Our best defense is to be armed individually, trade only in honest currency, reject all forms of collectivism, and control who enters the country. Oh yeah, taxes - abolish all income based tax, abolish sales tax, abolish property tax - fund a very limited government on miniscule tariffs and equally apportioned tax - no one pays more or less, no one gets a free ride.
We really COULD be a light to the world, conquering not by force or bribe but spreading liberty by example.
Do you propose that Republic 3.0 run on donations, or will it tax to support itself? If it taxes, then what kinds of gun control will it impose to guarantee that Whiskey Rebellion 3.0 fails?

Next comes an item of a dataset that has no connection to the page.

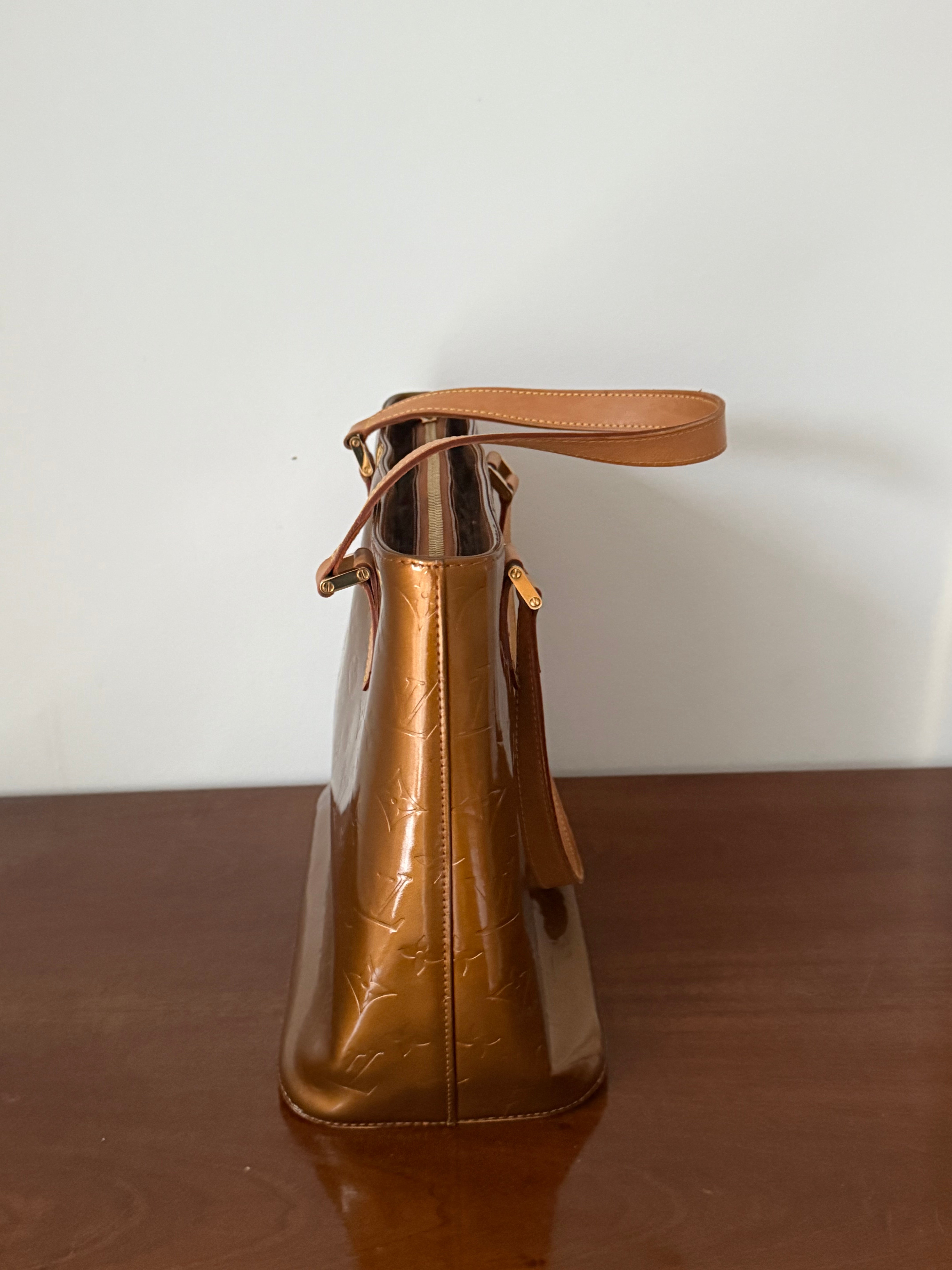 Vintage Louis Vuitton Monogram Vernis Houston Leather Handbag in very good condition. The bag is in a beautiful brown color from the iconic Vernis line introduced in 1998.

Republic 3.0 and anit-national military sentiment.
--
Not wanting to have a strong national defense force (to me) is akin to Obama not wanting US Nukes.
A boogey man under the bed is precisely what the millions of US/Freedom haters, plotting in their dark corners globally to destroy us are.
Republic 3.0 should not consist on any model that we are drunkardly bound to consider the faults of the current schema.
In my dream, the "United States" consists of 50 constitutional republics where the "National President" is a figure head who sits over a small body of elected state reps who's sole purpose is to settle disputes among the states.
The natianl defence force resides
underneath another similar (but separate) body of reps.
I prefer a national guard type model for each state, which is as advance as an all powerful US Military like described above, but simply smaller, and this guard will again be controlled ONLY by the state.
Citizens will have access to the guard and their resources, but in a less organized manner.
Do not get caught in the trap the Republic 3.0 will have the same powerful hand of evil at the top, hence you could not call it Republic 3.0.
Staying out of foreign issues is desired but most likely unrealistic (to a point).
Having a strong national defense is essential to the survival of our nation (even in a more separated model)
Eventually, China will run out of resources and property, and the notion that the cold war is over is lunacy at best.